Goods & Service Tax (GST)

  • Section 15 of the Central Goods and Services Tax Act, 2017 is being amended to do away with the requirement of linking the post-sale discount with an agreement and to refer to issuance of credit note under section 34 where the input tax credit is reversed by the recipient.
  • Section 34 of the Central Goods and Services Tax Act, 2017 is being amended so as to include the reference of section 15 in the said section.
  • Section 54 of the Central Goods and Services Tax Act, 2017 is being amended to extend the provisions of provisional refund to refunds arising out of inverted duty structure.
  • Section 54 of the Central Goods and Services Tax Act, 2017 is being amended to remove the threshold limit for sanction of refund claims in case of goods exported out of India with payment of tax.
  • Section 101A of the Central Goods and Services Tax Act, 2017 to provide that the Central Government may, pending the constitution of the National Appellate Authority, by notification empower an existing Authority, for hearing appeals under section 101B of the CGST Act, 2017 and to provide that the provisions of sub-sections (2) to (13) shall not be applicable where a Tribunal has been so empowered under sub-section (1A).
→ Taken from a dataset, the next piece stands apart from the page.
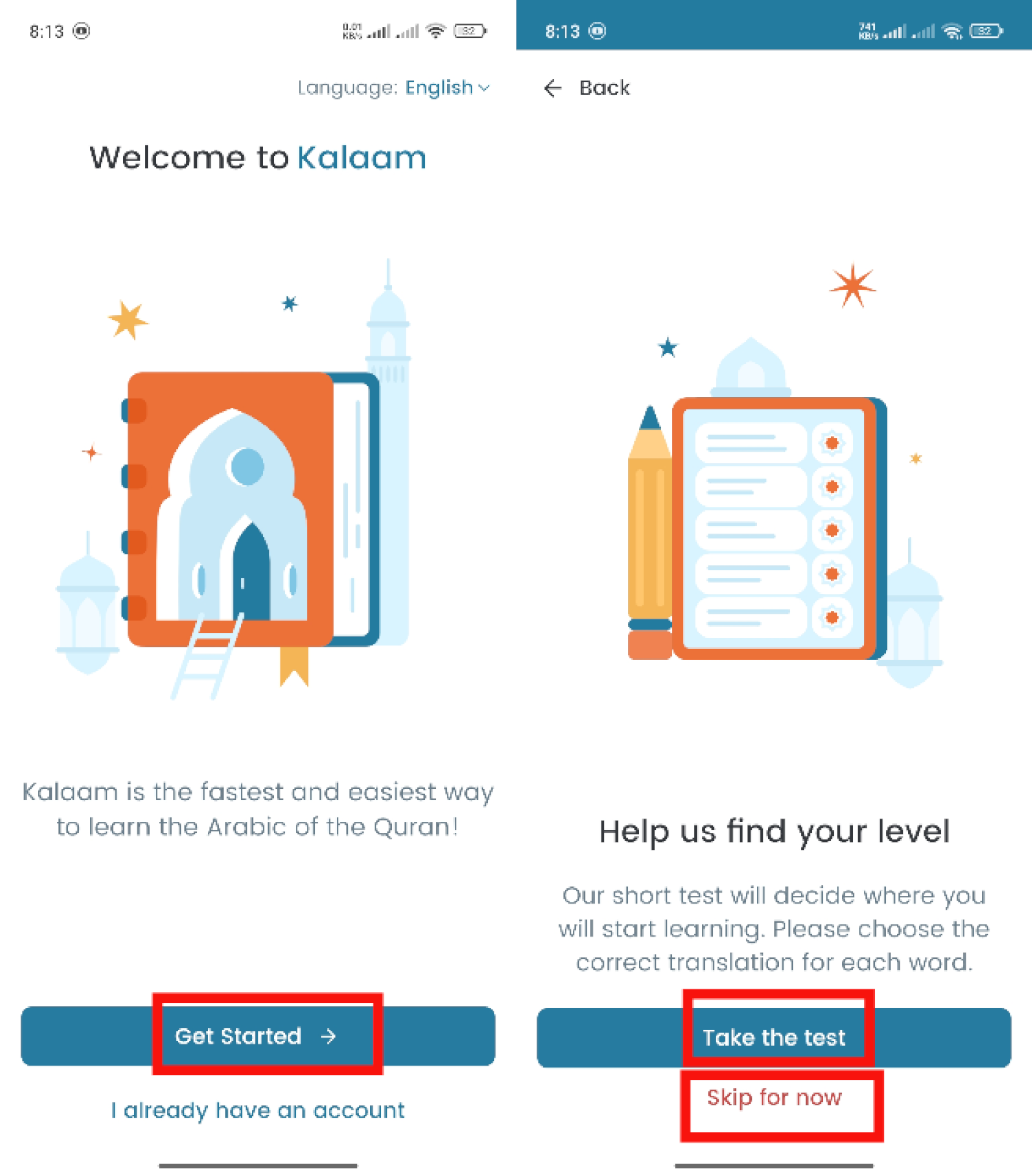 প্রথমত উপরের লিঙ্ক থেকে অ্যাপটি ডাউনলোড করুন এবং ওপেন করুন। তাহলে নিচের মতো ওয়েলকাম স্ক্রিন দেখতে পাবেন। এখন গেট স্টারটেড তারপরে একটি টেস্ট দিতে বলবে আপনি কিছুটা আরবি জানলে টেস্ট দিতে পারেন অন্যথায় স্কিপ করলেও সমস্যা নেই।

An explanation to sub – section (1A) is also being inserted to clarify that the existing Authority also includes a tribunal. This will come into effect from 01.04.2026.

IGST Act, 2017

  • Section 13(8)(b) of the Integrated Goods and Services Tax Act, 2017 is being omitted so as to provide that the place of supply for “intermediary services” will be determined as per the default provision under section 13(2) of the IGST Act.

The above amendments shall be effective after enactment of the Finance Bill, 2026, unless otherwise specified.